I don't have a relationship with them, I bought it from them and that's it, not really into serious relationships.


----------



## DITurbo (Oct 1, 2015)

Tomko said:


> Yep. It will depend on your relationship with the dealer.


 Were are my manners, thanks for the reply.


----------



## Tomko (Jun 1, 2013)

Well if you bought it from them than you've got a good relationship going. Excellent first step.


----------



## Tomko (Jun 1, 2013)

If you search our diesel forums you'll see that two others have needed to have their DEF tank/heater serviced.


----------



## DITurbo (Oct 1, 2015)

That's still not clear, due to miles, a deductible, and extended warranty on those threads. I didn't know a deductible existed under the terms of a warranty. I'll keep reading later, I have work to do, but so far it looks like 3 heaters exist, one for the line, one for the pump, and one for the tank, and the tank itself is showing discontinued on-line, so it must be a new part number because they can't not supply a tank for a 14'.


----------



## Robby (Mar 1, 2013)

Although there are several items that a manufacturer must warranty for a minimum of two years or twenty four thousand miles this is not the way G.M. plays.
Even though they only have to follow the 2/24 warranty for certain items, G.M. warranties those items as well as the rest of the car, for three years or thirty six thousand miles from date of sale and starting mileage regardless of who currently owns the car.

All that to say, at this writing, the item mentioned is covered under 3/36.

A recommendation though…..if component failures cause excessive hand wringing relative to potential cost I strongly recommend you look into a GM Protection Plan service contract for piece of mind.
The complexity of new cars in general, and in particular new small diesels with their very complex emission systems, IMO, makes a service contact close to a necessity…….this from a retired mechanic………but the insane costs for parts now almost necessitates the purchase……..just sayin.

Rob


----------



## boneheaddoctor (Dec 10, 2014)

DITurbo said:


> I wonder what kind of MPG I'll get at 65 MPH?

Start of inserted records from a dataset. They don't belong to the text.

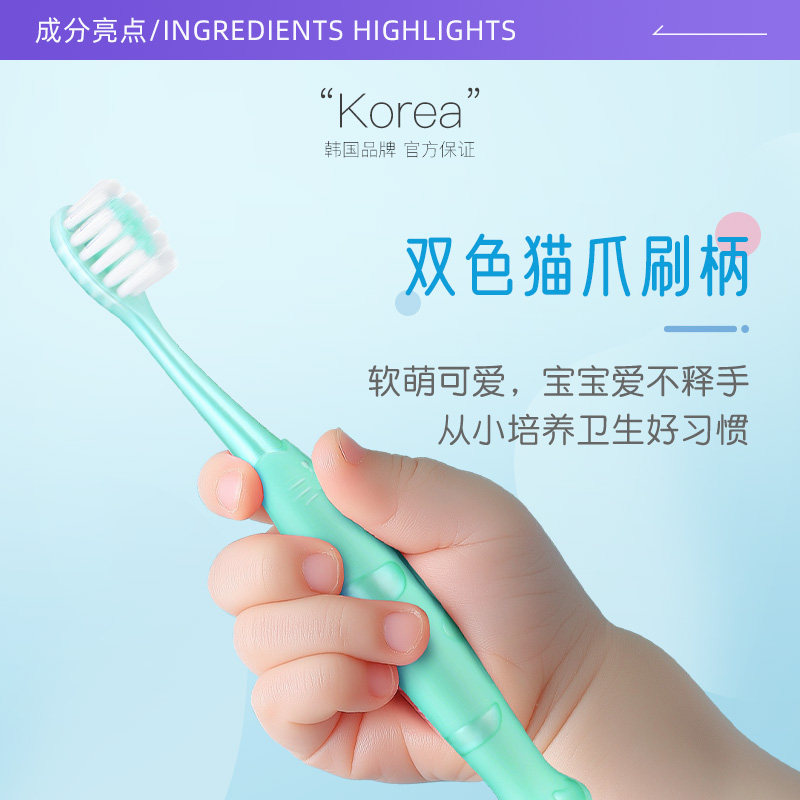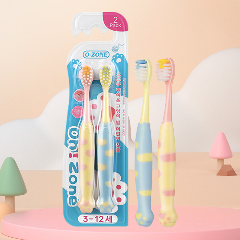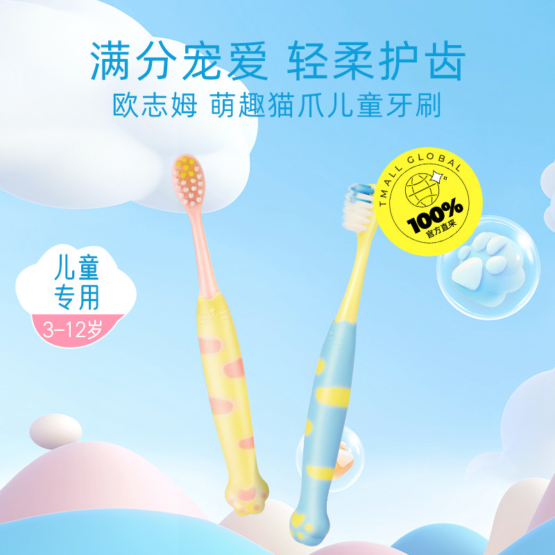 12岁2支装 zone欧志姆韩国萌趣猫爪儿童清洁适用3 牙刷 自营
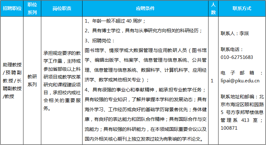 随着现代信息技术的发展,云计算、大数据、移动互联网、物联网等技术的快速发展为图情和信息管理学科的发展提供了新的发展契机,本系注重理论与实践结合、文化课与专业课并重,着重培养领导型并具有创新能力的专业应用人才,需要有大数据、分布式计算与系统等相关技术背景的教师来强化队伍建设。信息管理系到2020年,逐步形成包括图书馆学、情报学在内的完整一级学科体系,强化并培育编辑出版学(已设)、公共文化管理(拟设)、信息资源管理(拟设)、大数据管理与应用等新的学科增长点。
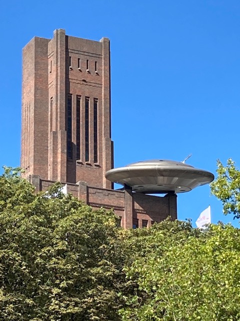 There’s some fun art around the city – like this flying saucer perched on a building.
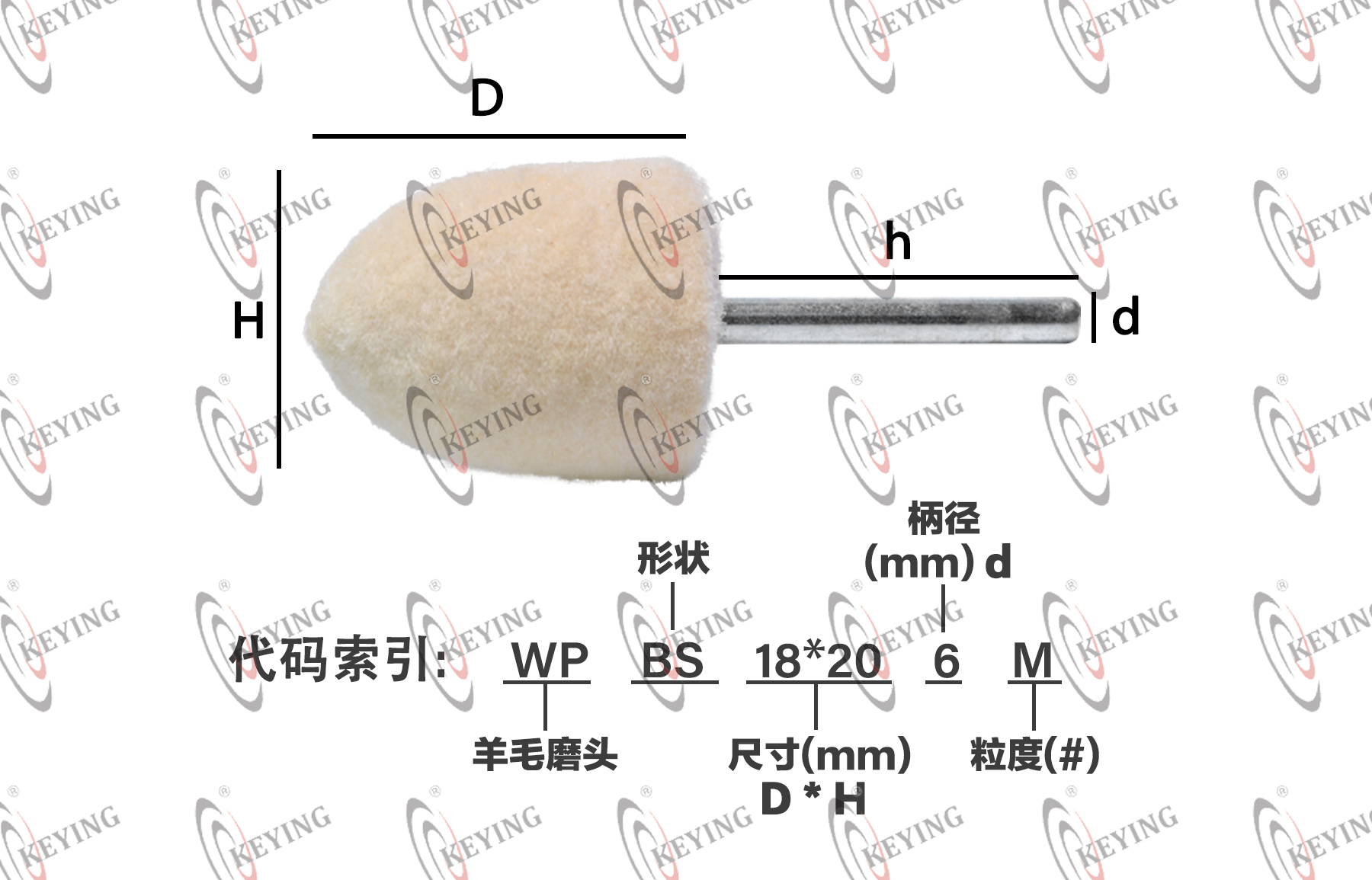 WP + BS + 12*18 + 3 + M ↓ ↓ ↓ ↓ ↓ 羊毛磨头 圆锥形 尺寸(mm) D * H 柄径(mm) d 粒度(#)
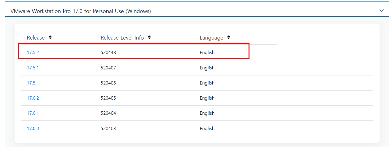 7. 최신버전을 선택하여 클릭한다. 2024년 8월8일 기준으로 최신 버전은 17.5.2 입니다.
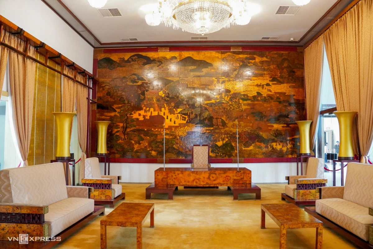 The room’s interior was designed by artist Nguyen Van Minh, primarily using Japanese-style lacquerware techniques. The highlight is the “Binh Ngo Dai Cao” painting consisting of 40 pieces, depicting the peaceful scene of the Vietnamese people in the 15th century, with King Le Loi announcing victory over the Ming army at the center. Eight symbolic torches line the walls, lit during important diplomatic ceremonies.
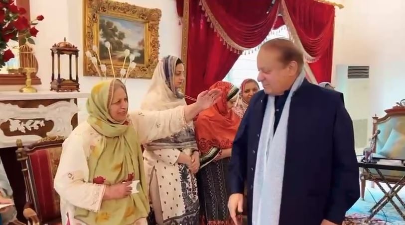مریم نوازشریف کی عافیت(دارلامان) میں مقیم 10خواتین کو حج پر بھیجنے سے پہلے ملاقات کے لئے پہنچ گئیں،اس موقع پر پاکستان مسلم لیگ کے قائدمحمد نوازشریف بھی بزرگ خواتین کی خواہش پرملنے کے لئے آگئے
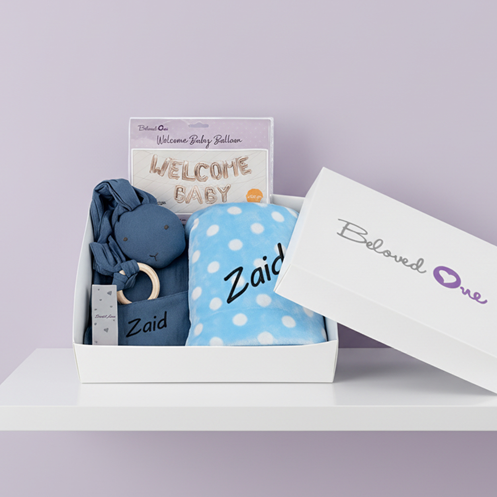 The welcome set includes a cute teddy bear toy, a mini blanket, a bibs set, and a welcome baby balloon, making it the perfect gift for your loved one. The name can be personalized in Arabic or English, adding a special touch to this thoughtful and heartwarming present.
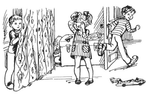 И мы стали играть в прятки. Это было прекрасно, потому что мы с Мишкой все время подстраивали так, чтобы водить выпадало маленьким: Костику или Аленке, - а сами все время прятались и вообще водили малышей за нос. Но все наши игры проходили только в Мишкиной комнате, и это довольно скоро нам стало надоедать, потому что комната была маленькая, тесная и мы все время прятались за портьеру, или за шкаф, или за сундук, и в конце концов мы стали потихоньку выплескиваться из Мишкиной комнаты и заполнили своей игрой большущий длинный коридор квартиры.
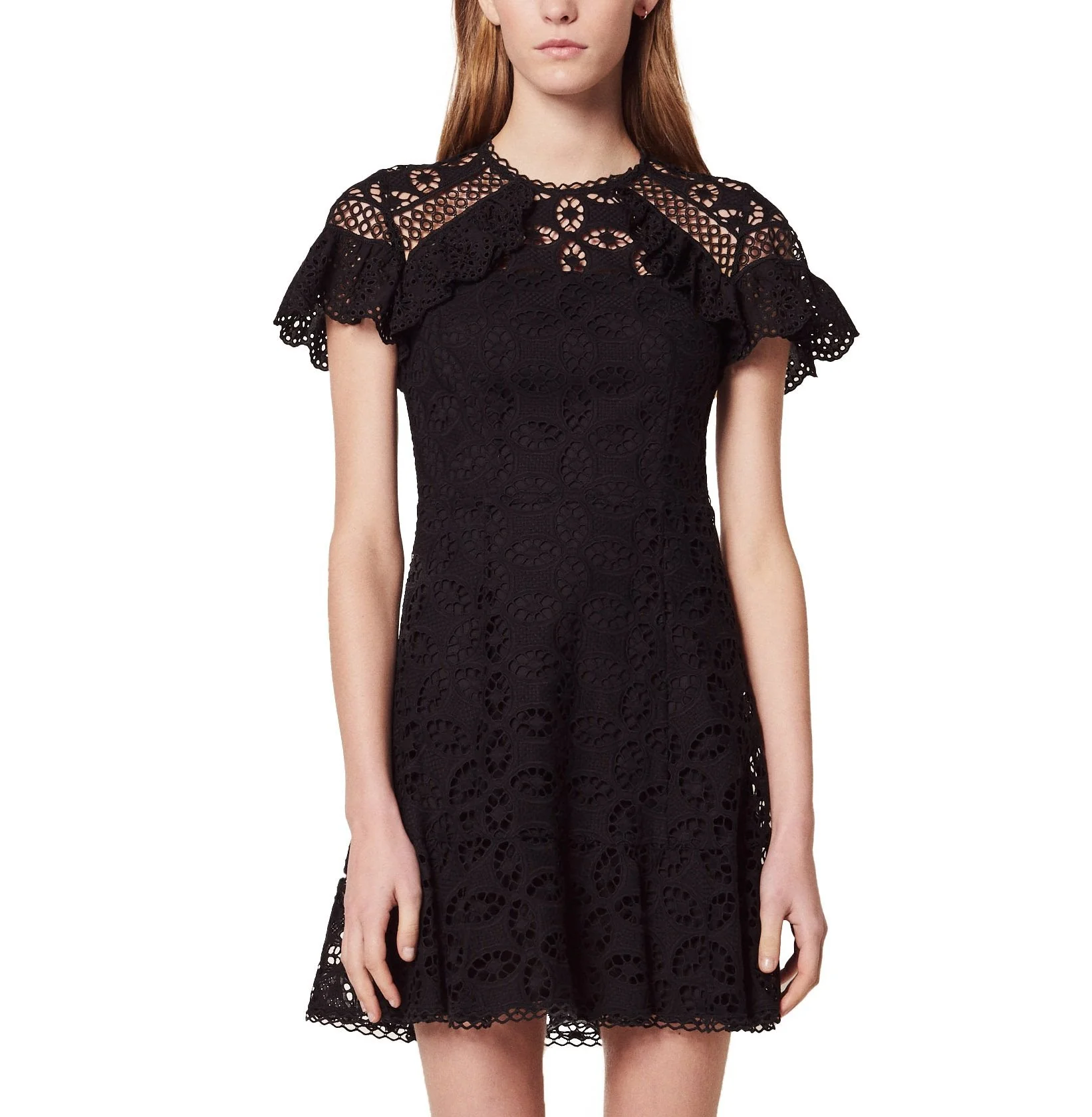 VESTIDO CORTO EN TIRA BORDADA, MANGA CORTA, MARCA SANDRO. 100% ALGODÓN. LAVADO A MANDO DELICADO, SIN BLANQUEADOR, NO SECADORA. REVISAR ETIQUETA INTERNA DE LAVADO PARA MÁS INFORMACIÓN.
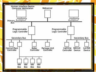 3) Building automation systems are an example of distributed control systems that use sensors, controllers and networks to automatically control a building's mechanical, lighting and other systems to improve efficiency and occupant experience.
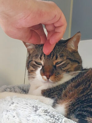 Bayu ist ein großer und ein wenig übergewichtiger Kater. Er begrüßt einen direkt freundlich und lässt sich gerne streicheln.  Ist es ihm genug zeigt er es , entweder er geht weg oder schlägt gegen die Hand.
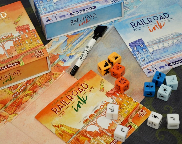 Вышла сразу в двух вариантах: Deep Blue и Blazing Red. Но тут не так, как в Pandemic: Legacy, где разные только обложки. В Railroad Ink цвет коробки означает, какой набор специальных кубиков внутри. Хотите дополнительно два куба – берите вторую копию. Хитро!
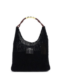 Linen mesh bag with polyester handle. Rubber patch with "Bianca" print. Inner cotton lining. product code: SHCBF51A01FL00100N99 COMPOSITION 90% linen 6% polyurethane 3% polyester 1% viscose Lining 100% cotton MADE IN ITALY
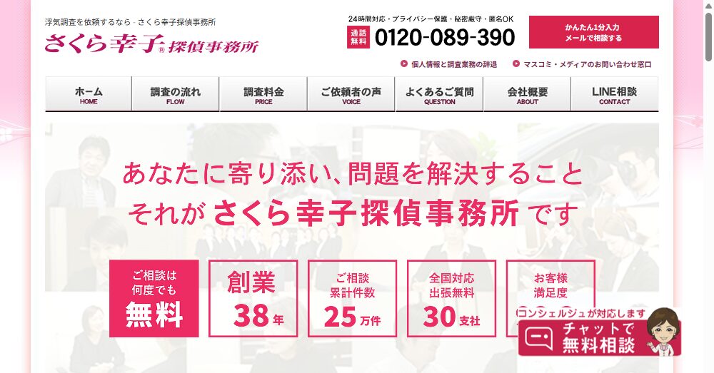 さくら幸子探偵事務所は1988年に創業し、30年以上の信頼と実績を持つ探偵社です。
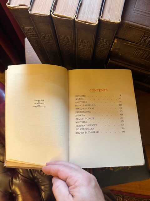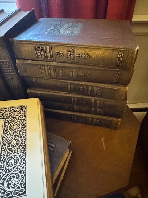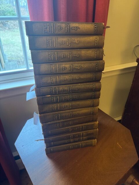 Elbert Hubbard (1856–1915) was an American writer, publisher, artist, and arts and crafts proponent. He founded the Roycroft Press in East Aurora, New York, a center of the American Arts and Crafts Movement. These antique 14 volumes of his “Little Journeys,” printed in 1928 after his death, bring warmth, character, and timeless charm to any library or bookcase. These books highlight historic figures in science, philosophy, and business, making for an engaging and interesting read. These books can be purchased and picked up at the store. No shipping.
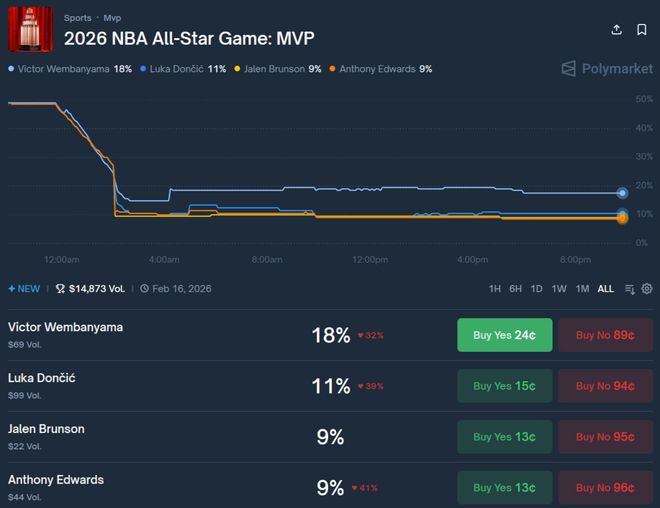 在全明星正赛前,文班亚马的AMVP概率是最高的,爱德华兹只有9%,最终他却带队夺冠拿到了AMVP。
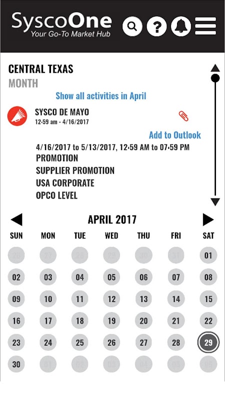 SyscoOne is a new and easy system that lets you view all Sysco promotions and activities conveniently through your computer or mobile device. It uses a responsive calendar, viewable by month, week, and day, to display core go-to-market tactics that support our strategy to accelerate local case growth. You can also view by OpCo, by Market and by type of activity. So you can easily access the information from wherever you are, and stay in the know.

Depends if its uphill or downhill.

I've actually seen 51.5 mpg at 75mph with Cruise on 3 adults and loaded trunk over a 50 mile average


----------



## DITurbo (Oct 1, 2015)

boneheaddoctor said:


> Depends if its uphill or downhill.
> 
> I've actually seen 51.5 mpg at 75mph with Cruise on 3 adults and loaded trunk over a 50 mile average


My best is up to 53.8 so far, I average 48 daily. Right now I'm down to 21 because I'm not driving the cruze.


----------



## DITurbo (Oct 1, 2015)

So the dealer that sold me the car had from 9AM to call me and never did, so I called back a half hour before closing and still could not talk to anyone in service, left another message and they did not return the call. They are closed now. This is why I dumped the 09 VW, and then the 12 Chrysler. Poor customer service is rampant. I'm trying to decide who I'm going to try next.


----------



## pacolino (Aug 1, 2015)

Try to find a dealership with a good reputation even if it's little bit further than where you live 

Sent from my SGH-I337M using Tapatalk


----------



## Robby (Mar 1, 2013)

Drive to the dealer and quit waiting for a callback……they have enouph on their plate and callbacks aren't a high priority in this crazy business.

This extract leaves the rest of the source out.